Locally, we saw the RBA Governor Lowe speak at the International Monetary Fund in Washington where he commented that it was “extraordinarily unlikely” that the economy will need to be stimulated by cutting interest rates into negative territory. He also added, there is a high risk that the main effect of lower interest rates will be to push up prices of existing assets rather than stimulate investment in new assets. These comments had little impact on the Aussie but did however spark tweets by some economists on the RBA’s policy saying that low interest rates are ineffective for growing true GDP growth.
The economic calendar is very light today but Brexit headlines should keep everybody busy. From a technical perspective, the AUD/USD pair is currently trading at 0.6845 and we continue to see immediate support at 0.6800, a sustained move under this could lead to 0.6760. On the flip side, resistance is seen at 0.6890 followed by 0.7000.
It was a quiet on the macro front with no releases in the U.S scheduled, the U.S Dollar took direction mostly from offshore events which saw weakness on the DXY and close at 97.14, a level not witnessed since early August. Traders remained cautious after Chinese GDP data showed the negative impact the US-China trade war has had on China. We were predicting a slowdown of GDP in Q3 from 6.2 percent to 6.1 percent year-on-year with the actual number contracting further to 6.0 percent as additional tariffs put a leash on growth. The US–China trade war is clearly hampering the economy with exports contracting 0.4% as the U.S. began imposing an additional 15% tariff on $110 billion worth of consumer goods from Sept 1st. Imports declined 6.5% for the quarter. EUR/USD rallied to a near two-month high of 1.1169 while the USD/JPY cross-rate dropped to 108.38.

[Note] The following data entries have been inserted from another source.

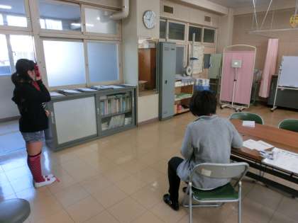 4月14日(月)、今日から視力検査が始まりました。写真は、6年生の視力検査のようすです。どの学年も、再検査を後日行います。再検査が終了した学年から、検査結果をご家庭にお知らせする予定です。
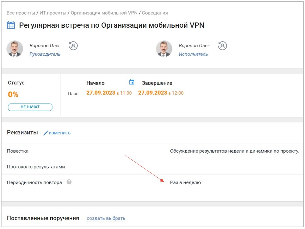 • Создайте совещание, пригласите участников и укажите периодичность проведения, например, раз в неделю
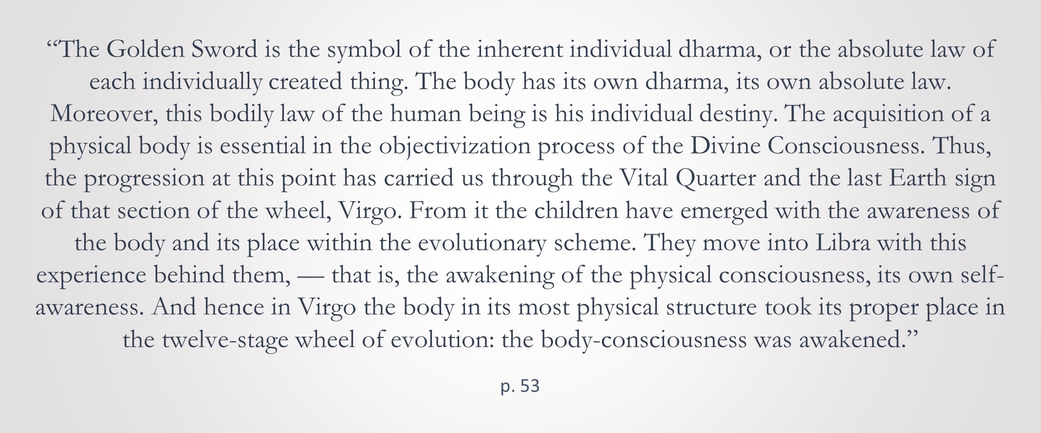 The key for properly comprehending the zodiacal wisdom in this regard divides the twelve-fold circle into four parts. The first quarter of the wheel corresponds with the Physical, initiated by Aries but associated with Earth. The next quarter aligns with the Emotional and is initiated by Cancer, whereas the third quarter corroborates the Mental and is initiated by Libra. In the first quarter, Gemini is the epitome of physical progress and therefore we find Mind in Matter. The second quarter epitomizes the Vital sheaths of the human body. The third quarter represents the Mental on its way to Supermind, exemplified by the sign Sagittarius when we reach that place on the wheel later in the story.
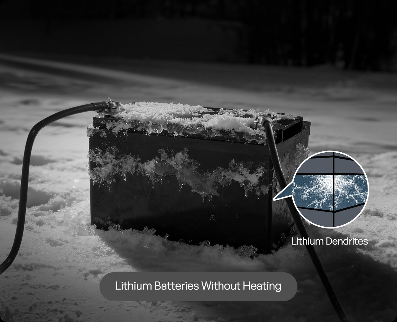 Keep your adventures going with self-heating batteries built to withstand harsh winter conditions.
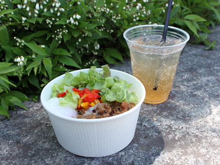 お昼ご飯は「ぞうめし屋」の今回のイベント限定、中華風肉みそ温玉ごはんと
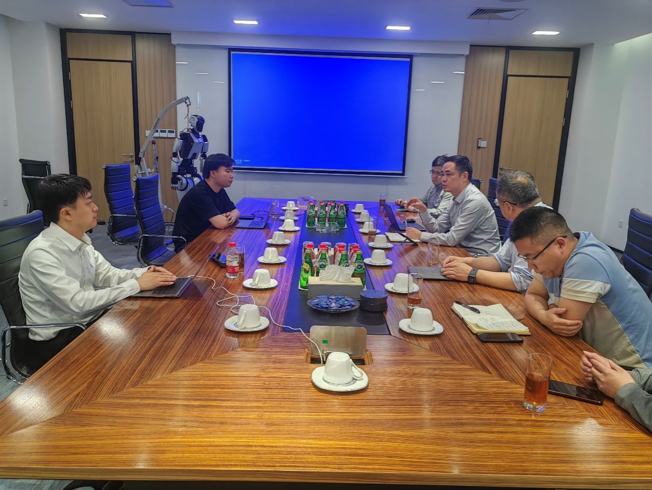 在交流会上,均胜电子副总裁郭继舜博士详细介绍了当前公司正在大力开展的人形机器人研发工作,分享了相关产业发展现状与趋势,并提出了与老王论坛
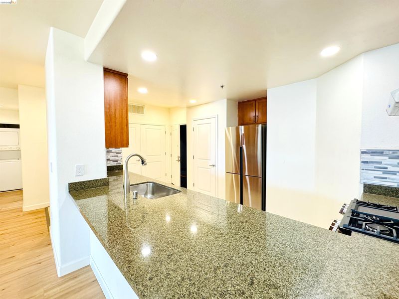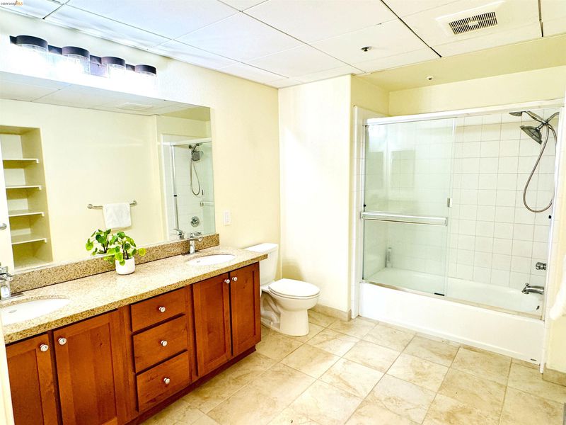 Situated in the heart of Chinatown, this home offers unbeatable access to BART, Amtrak, Highways 880/980/24, Alameda, Jack London Square, and more. Enjoy the vibrancy of urban living while benefiting from the tranquility of a secure complex featuring a rooftop garden and an impressive high ceiling lobby.This spacious 2 bedroom condo is located on the 3rd floor and offers a bright, airy atmosphere throughout. The open floor plan includes in unit laundry, central heating and air conditioning, and triple pane windows for enhanced comfort and energy efficiency. The HOA dues include water, sewer, garbage, and one assigned underground parking space, providing excellent value and convenience.
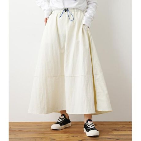ナイロン素材を使用し、軽さと程よいハリ感が特徴のAラインスカート。ウエストには配色のゴムコードを使用しストッパーで調整可能です。※商品画像はサンプルのため、色味やサイズ、素材の混率等の仕様に変更がある場合がございますので、予めご了承ください。※一部予約商品につきましては生産上の都合によりお届け予定日や店頭発売と前後する場合もございます。※追加生産商品は、一部の店舗、通販で販売中の場合がございます。予めご了承下さい。
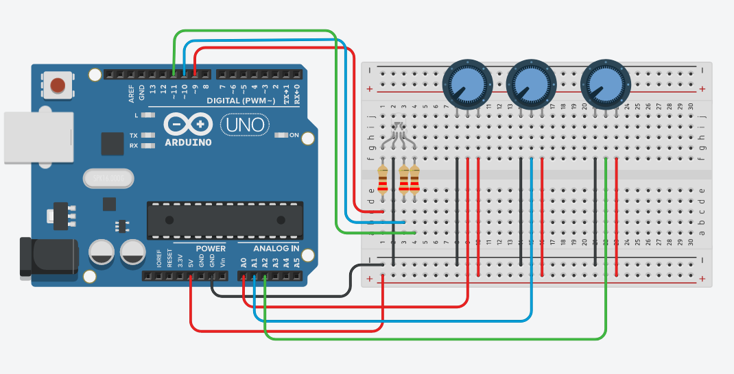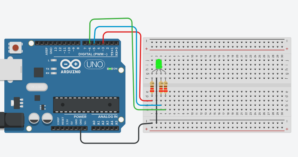 Bu 3 rengi kontrol etmek için 3 adet direnç ile birlikte kablo bağlantısı yapılır.
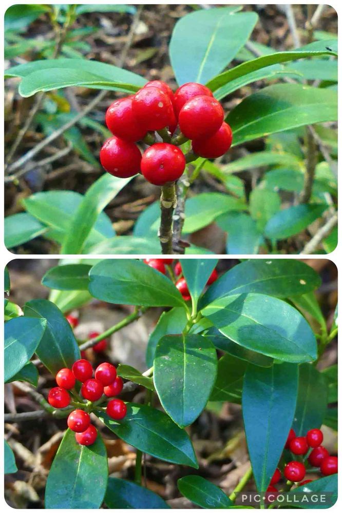 紅葉や黄葉は全然ダメだけど、それなりに秋の枯葉色に変わりつつある山の中で、真っ赤な実が鮮やかなのは「ミヤマシキミ」🔴😍
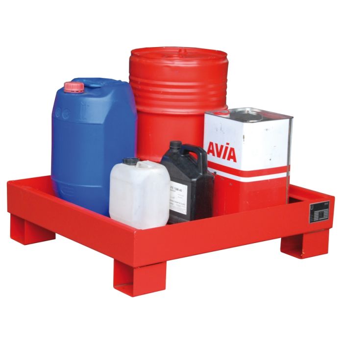 Stalen gelakteĀ lekbakken, zonder rooster. Voor een veilige opslag van verpakte gevaarlijke stoffen overeenkomstig PGS 15 & VLAREM.
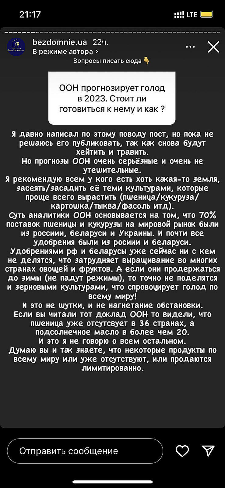 5) автор з посиланнями на дані ООН стверджує, що в Україні буде голод і радить активно засівати. Але чомусь він замовчує, що дані ООН стосуються не України, а країн, в які ми поставляли продукти. Але паніка вже запущена і по форуму несеться дискусія «що робити якщо в Україні голод?»
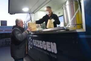 Koşuyolu Kalp Hastanesi Otoparkı’nda kurulan sabit iftar ve sahur alanı; özellikle hasta yakınları, sağlık çalışanları ve iftar saatinde evine yetişemeyen vatandaşlar için önemli bir buluşma noktası oldu. Kartal Belediyesi personeli tarafından özenle hazırlanan iftar menüleri, düzenli organizasyon ve titiz bir planlamayla vatandaşlara hizmet verdi.
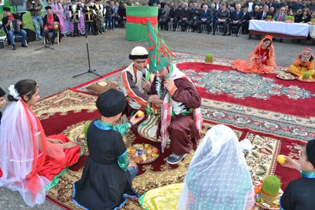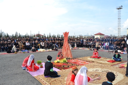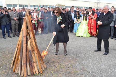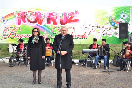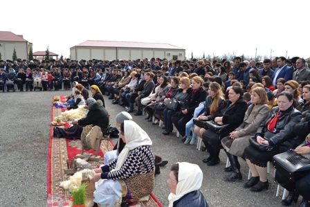 Rayon İcra Hakimiyyətinin başçısı Alı Alıyev və deputat Bahar Muradova əvvəlcə Novruza aid adət-ənənələri özündə əks etdirən sərgiyə bax;blar. Milli adət-ənənələrə uyğun olaraq meydanda yun daranıb, nehrə çalxalanıb, sacda yuxa bişirilib.
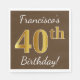 Brown, Faux Gold 40th Birthday + Custom Name Napkin
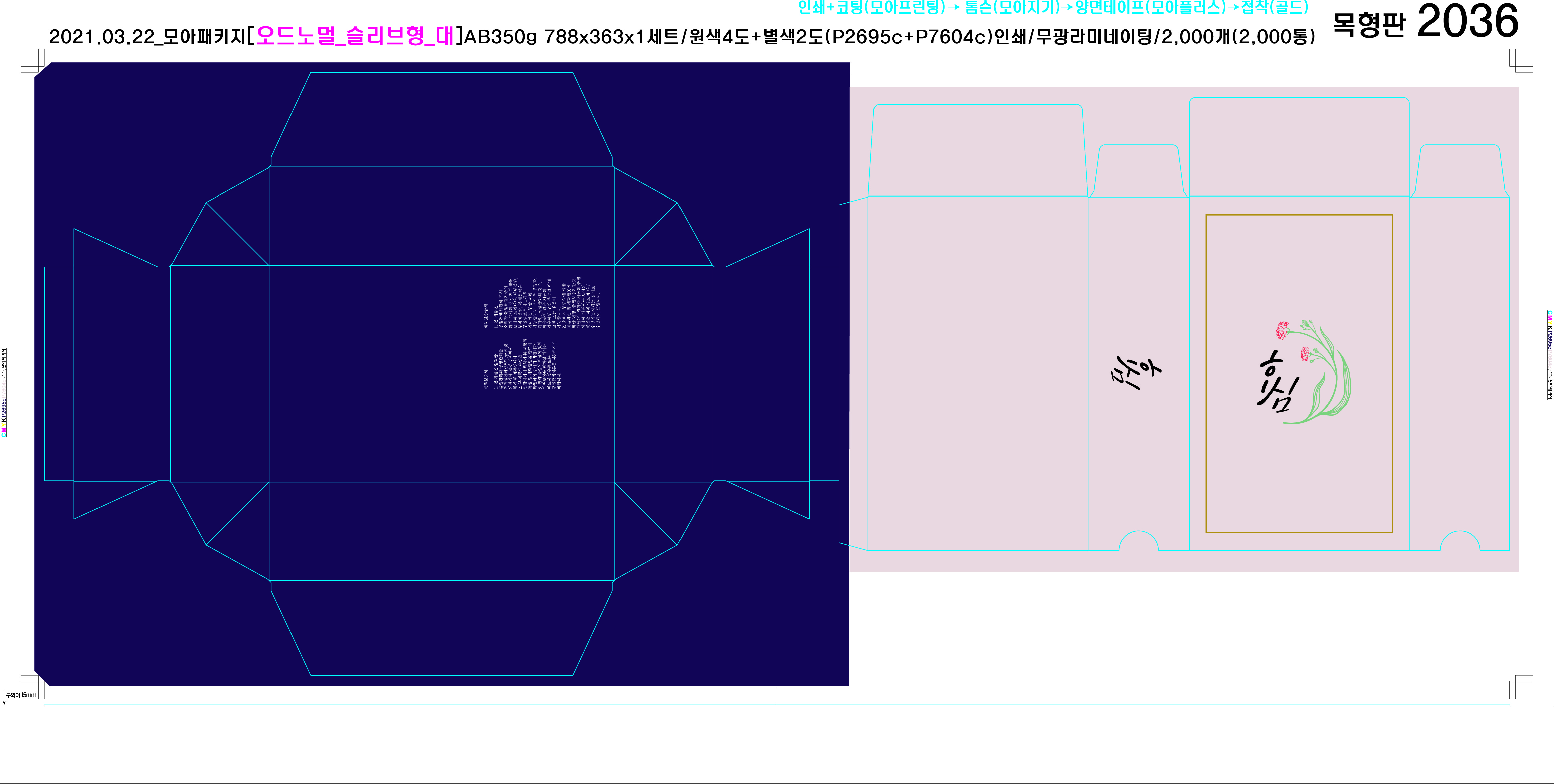 박스형태/사이즈(mm) 종이재질 인쇄 코팅 금은박 디자인도면
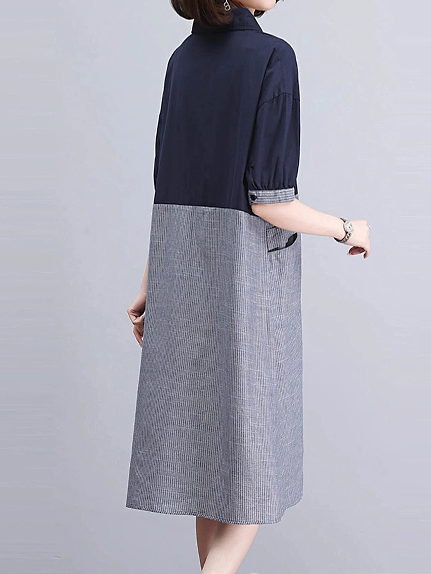 배색 스트라이프 순면 여성 드레스 여름 새로운 중년 엄마 루즈핏 표지 배 슬림해 보이는 연령 감소 셔츠 치마
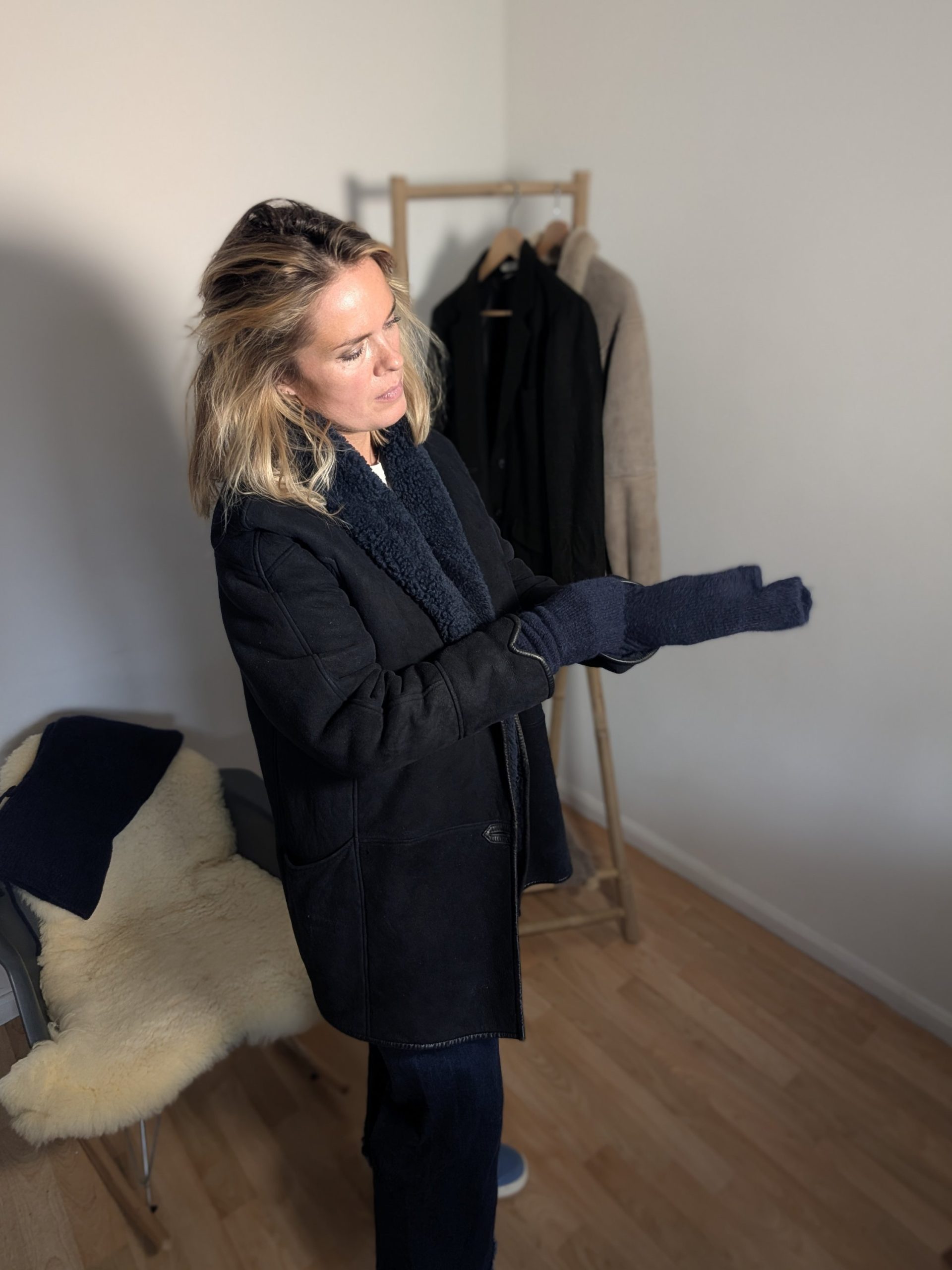 Ce manteau en mouton retourné apporte immédiatement du caractère à une tenue. Sa coupe croisée structure la silhouette et crée un tombé élégant, sans effort. C’est le genre de pièce que l’on garde longtemps, loin des tendances éphémères.
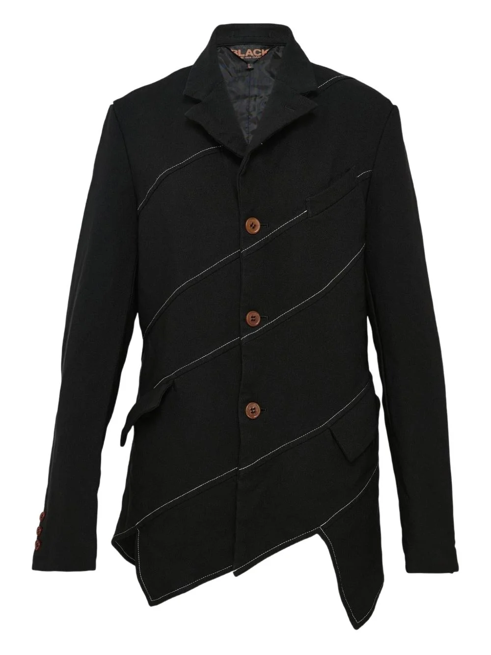 asymmetric-hem blazer Highlights - Black - Diagonal stitching - Button fastening - Notched lapels - Flap pockets - Long sleeves Imported Composition Polyester 100% Washing instructions Hand Wash
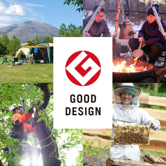 広葉樹を中心に自伐林業を展開し、遊休山林や耕作放棄地では植生循環を促す養蜂にも取り組んでいます。木は薪や建築素材に、蜂蜜は食材や加工品として、年間8万人が訪れるキャンプ場「北軽井沢スウィートグラス」や企業合宿施設「TAKIVIVA」で主に活用。浅間北麓の地域資源の価値化とキャンプ場をはじめとする場づくりを軸にした循環型地域未来創造事業で、2021年度のグッドデザイン賞において『グッドデザイン金賞』を受賞しました。
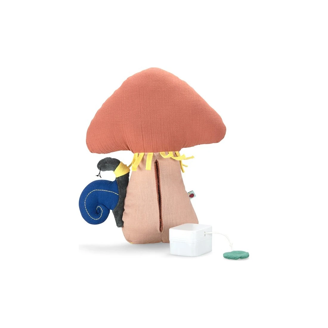 Le coussin boite à musique de la collection de Moulin Roty est une en forme de champignon. En lange de coton bio, le coussin associe deux couleurs tendances qui vont s’harmoniser pour compléter la Les détails du champignon sont joliment brodés et . Un mignon escargot rampe le long du champignon.

Meanwhile, in the UK, most of the Britain waited for more updates on Brexit. British MP’s voted over the weekend to postpone a decision on whether to back Prime Minister Boris Johnson’s Brexit deal with the EU. Some lawmakers fear, if the deal passes the legislation to implement it might not be ready by October 31, the date the U.K. would be scheduled to leave the EU. They say there is a possibility the U.K. could be forced to exit the European Union “on no-deal terms.” The GBP/USD cross-rate closed the week at 5-month highs at 1.2973.
The UK parliament is voting today on the new Withdrawal Agreement as agreed between the UK government and the European Union.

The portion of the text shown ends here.